One thing that struck me a bit odd is how he interviewed 100 entrepreneurs – no mention of community members, organizers, organizations or attendees of DC tech events. As the cliche goes, it takes a village (or a District in this case). There's only so much a company can do on its own without community support. Do you think ThatStartup, LLC could be on its way to an IPO if it wasn’t for the existing community support, local development talent, local media attention or availability to established entrepreneurs? It takes an ecosystem to construct a community, not just entrepreneurs.
A Background on DC Tech
DC tech has worn different faces over the decades as highlighted in Aberman's piece. After Mario Marino's departure from the District, Peter Corbett and his crew began filling the void left by Marino. Our community has seen several revivals over the decades, but the startup ecosystem really started to accelerate within the past 3 years. This very brief history in D.C. tech would help build up to what we now call “DC Tech” proper.
Although some folks consider DC tech to be contained within the district, if you tally the number of employees who work and live around/in the Beltway, you'll find that D.C. proper relies on nearby Maryland and Virginia to support itself. Regardless of which publication you read, you'll see journalists highlight companies, entrepreneurs, events and others across the entire DMV (D.C.-Maryland-Virginia metro area, focusing on central Maryland and northern Virginia).
The Realities of DC Tech
Although DC tech is still in its toddler stage, the Silicon District has created a name for itself in several areas, such as being the best place for women in tech, consistently ranking in top 20 startup cities, and climbing towards the top as one of the best cities for people of color.

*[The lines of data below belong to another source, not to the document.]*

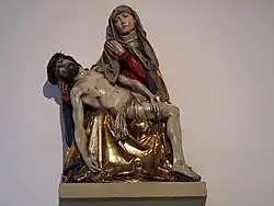 • unter der Empore eine Pietà von 1515 aus der Werkstatt Tilman Riemenschneiders, ursprünglich in der 1824 abgebrochenen Karmelitenkirche.
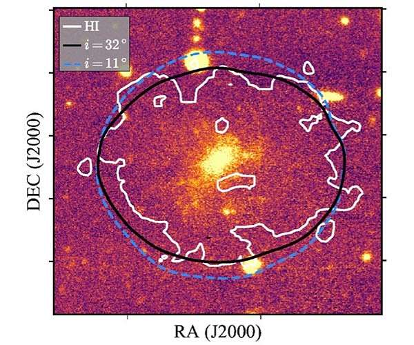 An international group of astronomers, led by a physicist at the University of St Andrews, has revived an alternative gravity theory. Headed by Dr Indranil Banik of the School of Physics and Astronomy at St Andrews, the study revealed a high predicted rotation speed of gas in a dwarf galaxy consistent with the previously debunked theory known as Milgromian Dynamics (MOND). An earlier study of the rotation speed of gas in the dwarf galaxy AGC 114905 (Mancera Pina et al, 2022) found that the gas rotated very slowly and claimed the MOND theory was dead. Such theories are essential in understanding our universe because, according to known physics, galaxies rotate so quickly they should fly apart. MOND, a controversial alternative to General Relativity, the prevailing Einstein-inspired understanding of the phenomenon of gravity that requires dark matter to hold galaxies together; does not require dark matter. As dark matter has never been detected despite decades of very sensitive searches, various theories have been put forward to explain what holds galaxies together, and debate rages over which is right. The very low rotation speed reported in the Mancera Pina et al study is inconsistent with predictions in a universe governed by General Relativity with large amounts of dark matter. Dr Banik's group argues that the high predicted rotation speed in the MOND gravity theory is consistent with observations if the inclination of the galaxy is overestimated. The rotation of stars and gas in distant galaxies cannot be measured directly. Only the component along the line of sight is known from precise spectroscopic measurements. If the galaxy is viewed almost face-on, then it would mostly rotate within the plane of the sky. This could mislead observers into thinking that the galaxy is actually rotating very slowly, which would require them to overestimate the inclination between disc and sky planes. This inclination was estimated from how elliptical the galaxy appears (see image). The new study explored this crucial issue using detailed MOND simulations of a disc galaxy similar to AGC 114905 made at the University of Bonn by Srikanth Nagesh and instigated by Pavel Kroupa, Professor at the University of Bonn and Charles University in Prague. The simulations show that it can appear somewhat elliptical even when viewed face-on. This is because stars and gas in the galaxy have gravity and can pull themselves into a somewhat non-circular shape. A similar process causes the spiral arms in disc galaxies, features which are so common that these are often called spiral galaxies. As a result, the galaxy could be a lot closer to face-on than the observers thought. This could mean the galaxy is rotating much faster than reported, removing the tension with MOND. Dr Banik, lead author on the new study, said: "Our simulations show that the inclination of AGC 114905 might be significantly less than reported, which would mean the galaxy is actually rotating much faster than people think, in line with MOND expectations." Dr Hongsheng Zhao, of the School of Physics and Astronomy at the University of St Andrews, said: "The very low reported rotation speed of this galaxy is inconsistent with both MOND and the standard approach with dark matter. But only MOND is able to get around this apparent contradiction." The new study also argues that a similar 'fake inclination' effect is unlikely to arise in the standard dark matter approach because the galaxy is dominated by the smooth dark matter halo. The stars and gas contribute little to the gravity, so the disc is not 'self-gravitating'. This means it is likely to look very circular if viewed face-on, as confirmed by simulations carried out by another group (Sellwood and Sanders, 2022). As a result, the observed ellipticity must be due to a significant inclination between the disc and sky planes. The rotation velocity would then be very small, implying that the galaxy has very little dark matter. It is not possible in this framework that an isolated dwarf galaxy would have such a small amount of dark matter given how much mass it has in stars and gas. Pavel Kroupa, Professor at the University of Bonn and Charles University in Prague, said of the broader context of these results: "While MOND works well in the tests conducted so far, the standard approach causes very severe problems on all scales ranging from dwarf galaxies like AGC 114905 all the way up to cosmological scales, as found by many independent teams."
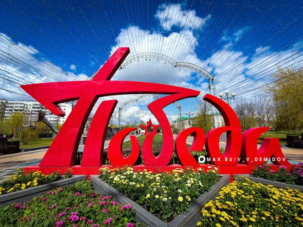На центральной аллее парка Победы наши озеленители создают оригинальную композицию-фотозону «Победа».
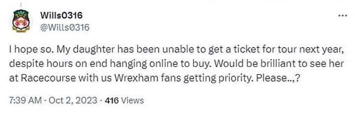 'I hope so. My daughter has been unable to get a ticket for the tour next year despite hours on end hanging online to buy. Would be brilliant to see her at the Racecourse with us Wrexham fans getting priority. Please...?'
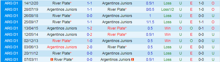 Phong độ và thống kê đối đầu River Plate - Argentinos Juniors gần đây:
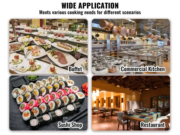 Deze commerciële rijstkoker wordt veel gebruikt in restaurants, commerciële keukens, foodtrucks, grote familiebijeenkomsten en andere gelegenheden waarbij rijst voor meerdere personen moet worden bereid. Het is veelzijdig en voldoet aan de kookbehoeften van verschillende groepen.
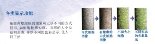 5.具有多项显示方式 提供4种内皮图像采集模式:(1)内皮细胞图像(2)有轮廓的内皮细胞图像(3)不同大小细胞图像(4)不同形态的图像。
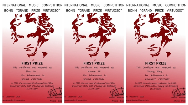 据悉,德国国际音乐比赛“优秀演奏家大奖赛”由法国、德国、奥地利有关单位联袂主办,分设管乐、弦乐、钢琴、声乐和室内乐等比赛项目,评委会成员均为全球著名演奏家,来自世界各国的专业演奏者参与其中、角逐大奖。比赛结束后,获奖者将受邀在欧洲著名音乐厅举行专场音乐会或开展欧洲巡演。今年,为纪念贝多芬诞辰250周年,获奖者将于12月9日至11日,受邀在德国波恩贝多芬故居进行首演。
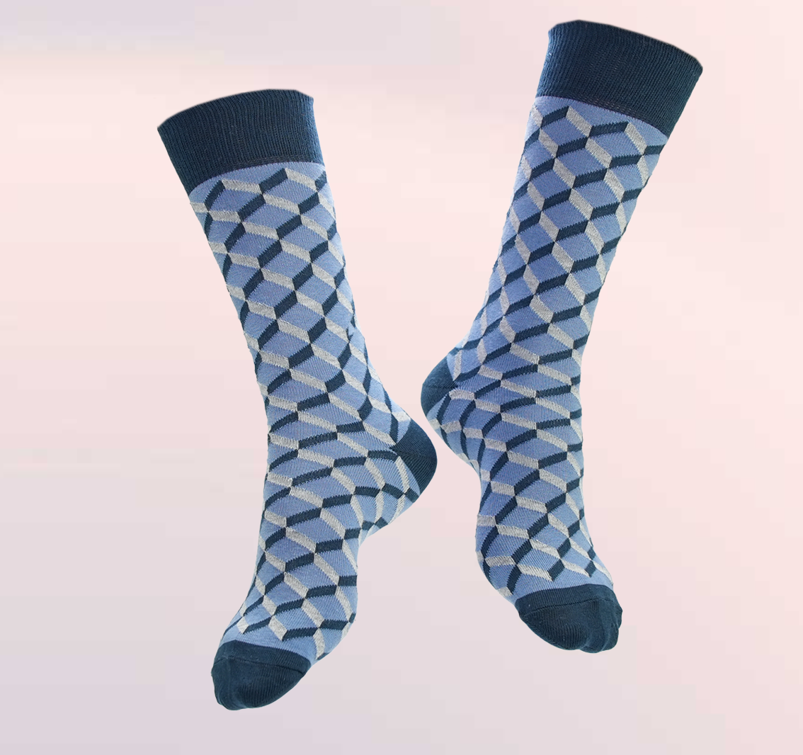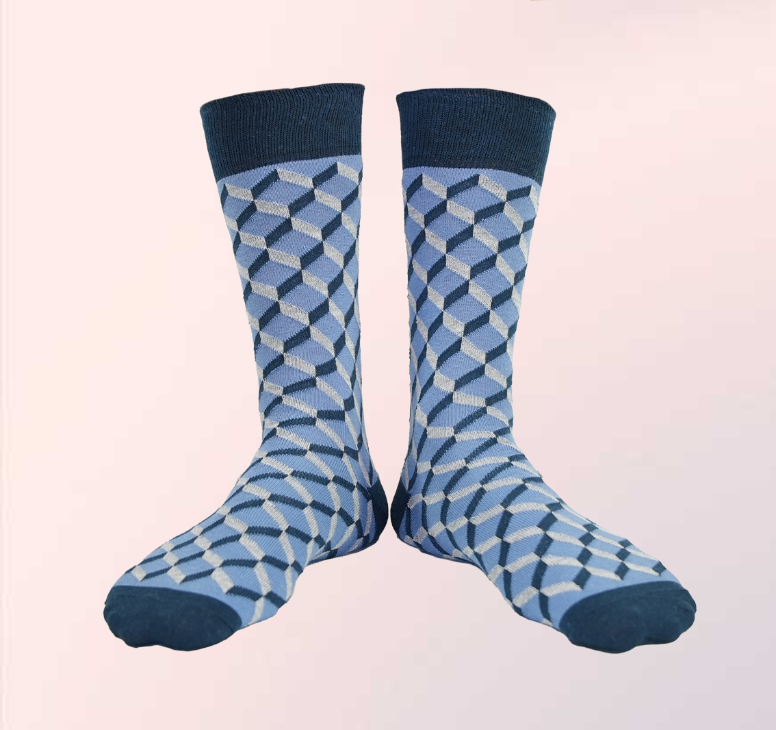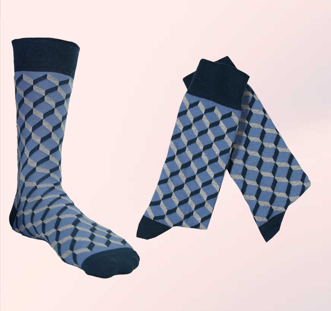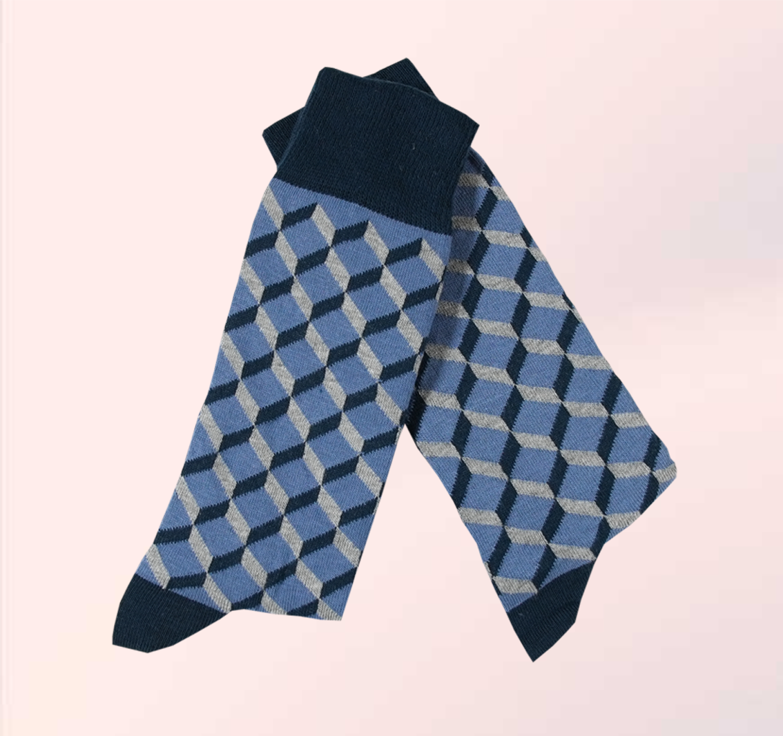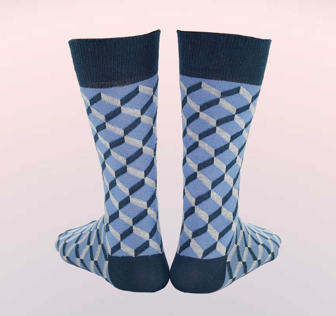 Desen: Çorap üzerinde üç boyutlu küpleri andıran geometrik bir desen var. Bu desen, çoraba optik bir yanılsama etkisi veriyor ve oldukça dikkat çekici. Geometrik desenler, modern ve minimalist tarzlarda sıkça kullanılan popüler bir seçenektir.

In terms of industries, D.C. definitely has its strengths and weaknesses. For instance, we are not suited for mass consumer products, like Facebook, Twitter, LinkedIn, Yo, etc., unless it is a food-related startup, such as Spotluck, Gallery, Juicery, etc. Our strengths reside in the B2B arena, typically in software, government, politics, cyber security and enterprise, as well as industries like healthcare, finance and education.
I think that agreeing on DC tech's competencies and associations would help unite the region and communicate those things to outsiders. We need to agree that we don’t need to be a Silicon Valley, Silicon District or other variation of the tetravalent metalloid; rather, we should look at our strengths – as the tech mecca for women and for people of color.
As for a stronger definition, maybe this would work:
“DC tech” is a technology hub comprised of DC, Virginia and Maryland that focuses on business-to-business services, and is the best town for gender and cultural progression.